» **Problem details**:
Repetition must be exact and must stop with the line bearing "vidaXL TV skrinka". It begins at the first line of the records and includes no pictures.

Extracted data entries:

• • • • • • •

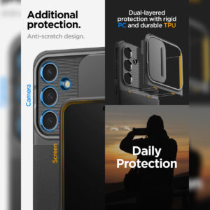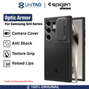 Case Samsung Galaxy S24 Series Spigen Optik Armor Merupakan Hybrid case yang memiliki kamera protector. Casing ini terbuat dari campuran bahan TPU (Softcase) pada bagian body dan bahan PC (Hardcase) pada bagian sliding frame camera.
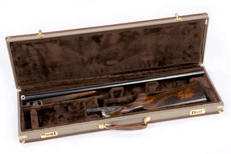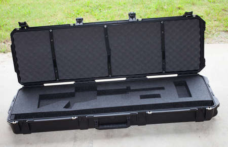 Modern firearm in strong transporting container. Army weaponry, killer sniper rifle shotgun. Generative AI
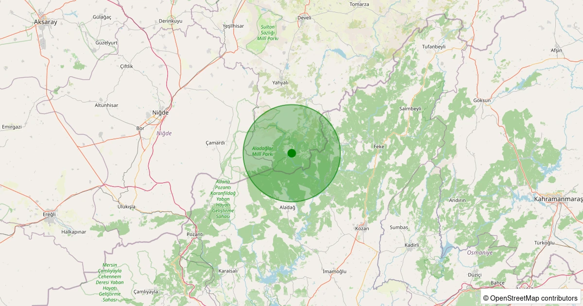Son 7 gün içinde Yahyalı - Büyük Çakır noktasından 100 km yarıçap içerisinde meydana gelen diğer depremler:
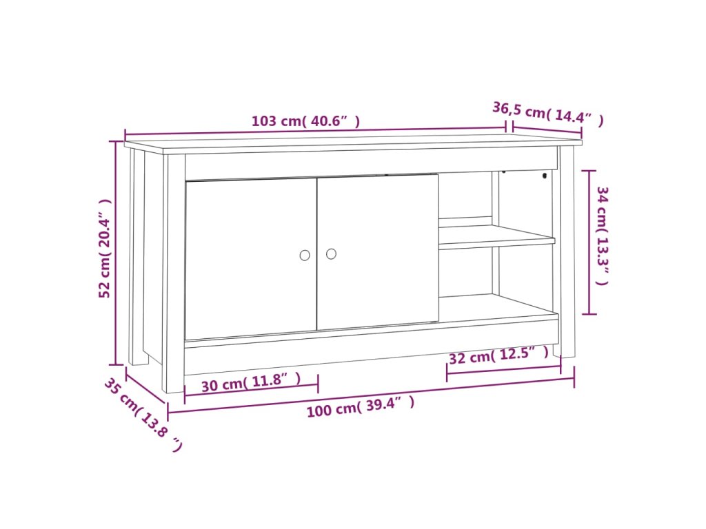 vidaXL TV skrinka 103x36,5x52 cm masívna borovica
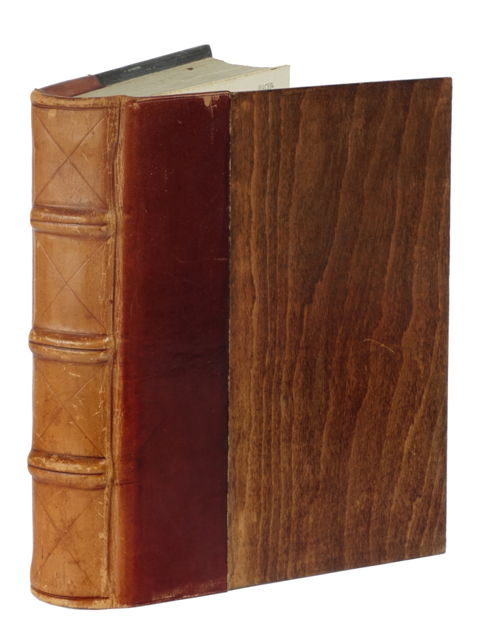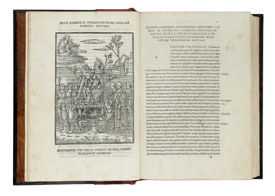 In-folio (mm 290x200). Carte 61, [1] bianca, 62-268. Segnatura: A-G⁶, H⁸, I-Z⁶, &⁶, cum⁸, 2A-2P⁶, 2Q⁸, 2R-2S⁶, 2T⁴. Presente la carta bianca K6. Spazi per capilettera con letterine-guida. Marca tipografica incisa in legno al recto dell'ultima carta. Frontespizio in ricca cornice xilografica, formata da quattro legni, con decorazione a candelabra, putti e figure mitologiche. Identica cornice a inquadrare quattro xilografie a piena pagina con i trionfi dei santi domenicani (carte I1r, L1r, Y1r, AA1r, SS1r) e la prima pagina di testo di ogni singolo libro (carte I2r, L2r, Y2r, AA2r, SS2r). Priva di cornice la xilografia a piena pagina alla carta A6v, con il trionfo di San Domenico. Esemplare parzialmente rifilato, con macchie sparse e restauri alle carte I6, Y1, 2A1, 2A6, 2Q2, 2R2, 2T3-2T4, alcuni dei quali integrativi. Legatura moderna in mezza pelle su assi di legno; dorso a tre nervi, leggermente abraso. Ex-libris in carta sciolto; vignetta xilografica con allegoria della libertà (Bononia docet) impressa su carta e applicata al contropiatto anteriore. (1)
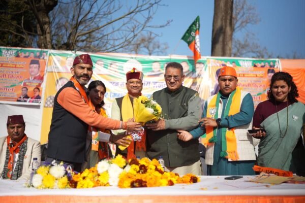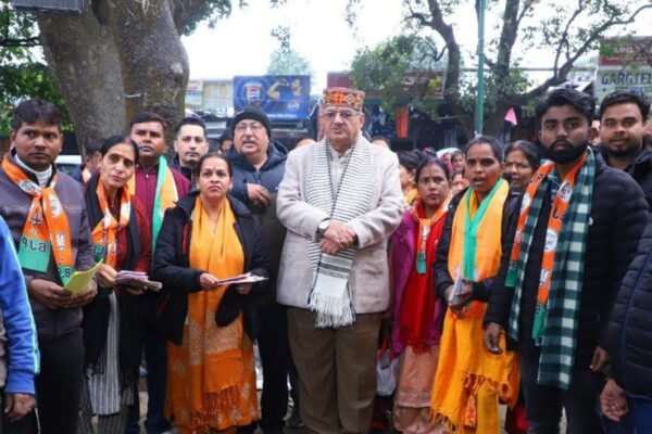 मसूरी में आगामी चुनाव के दृष्टिगत वाल्मीकि समाज के लोगों के साथ संवाद कर भाजपा के पक्ष में मतदान की अपील करते कैबिनेट मंत्री गणेश जोशी
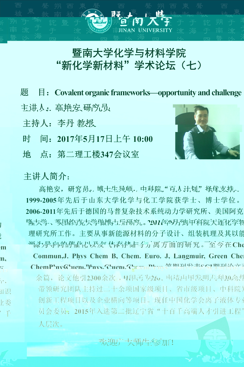 “新化學新材料”學術論壇(七)— 高豔安研究員

• • • • • • •

» **Solution for this problem**:
 Case Samsung Galaxy S24 Series Spigen Optik Armor Merupakan Hybrid case yang memiliki kamera protector. Casing ini terbuat dari campuran bahan TPU (Softcase) pada bagian body dan bahan PC (Hardcase) pada bagian sliding frame camera.
 Modern firearm in strong transporting container. Army weaponry, killer sniper rifle shotgun. Generative AI
Son 7 gün içinde Yahyalı - Büyük Çakır noktasından 100 km yarıçap içerisinde meydana gelen diğer depremler:
 vidaXL TV skrinka 103x36,5x52 cm masívna borovica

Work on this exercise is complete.